I made my mark as a police and government reporter. I recall walking into the news room one day. The night city editor handed me a press release and told me to interview the Coldwell Bank chairman of the board. At the time all I knew was banks were for checking accounts and auto loans.
I filed the story but not after I called the Coldwell PR guy. With total loss of pride, I read the story to him for blatant errors and gross misrepresentations. I then informed the night city editor never to pull that on me again. He informed me I was the only reporter available and the assignment came directly from the publisher's office. Oh.
But I digress. David Weigel got caught in the same trap as Helen Thomas and hundreds before them. You would think in today's age of 24/7 cable, blogs, emails, Facebook, Twitter and gadgets anyone can record and launch immediately to cyberspace, they would learn.
They don't.
William Shakespeare was right as far back as 400 years ago. "Kill the messengers," he wrote in Hamlet.

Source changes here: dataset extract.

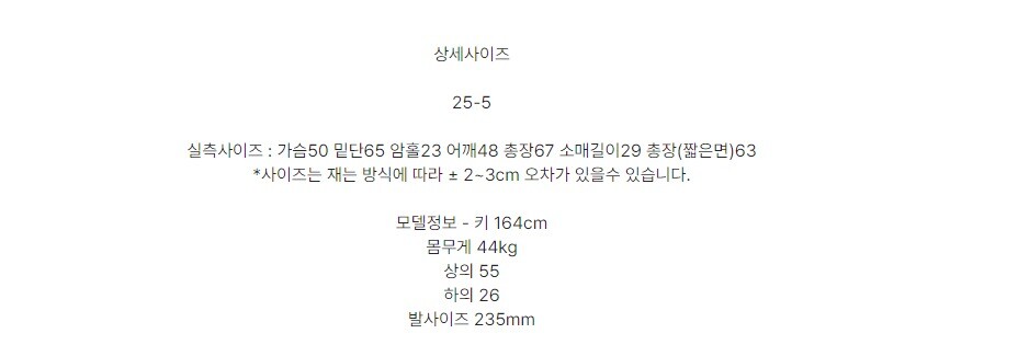 - 사이즈 측정방식에 따른 오차 1-2cm

The most prestigious broadcasters in my time were Edward R. Murrow and Walter Cronkite. They were maligned by the far right, among other things, for working for CBS they called the Communist Broadcasting Company.
The best writer/reporter I ever knew was a despicable chap of flawed character, M. J. Lagies, who most of you probably never heard of. The targets of his sharp pen hated him but none ever beat him in a court of law.
1 comment:
Good day,
"We lived by the credo “fair and balanced” long before Fox News stole the term and abused its meaning."
From whom did Fox News steal the term and can you provide some examples of their abuse?
Thank you,
John Dillon
Langhorne, PA
Editor's Note:
"Fair and balanced" is a generic term long used in the newspaper business. Fox uses the motto as a blanket mission statement of all its network programming.
I suggest you run a fact check on the morning "Fox and Friends" and Glenn Beck. I personally believe Sean Hannity is the worst offender in terms of "balance," for he steadfastly refuses to entertain any fact that is contrary to his own political views. Download his Friday show and click on the "All American Panel" segment is the latest example I can offer. I have no dissent with the "straight" news presentations for they "slant" a story much as I admit doing in my own writings. But the "fair and balance" fits all programming is a travesty to the term and is a joke outside the faithful Fox viewers.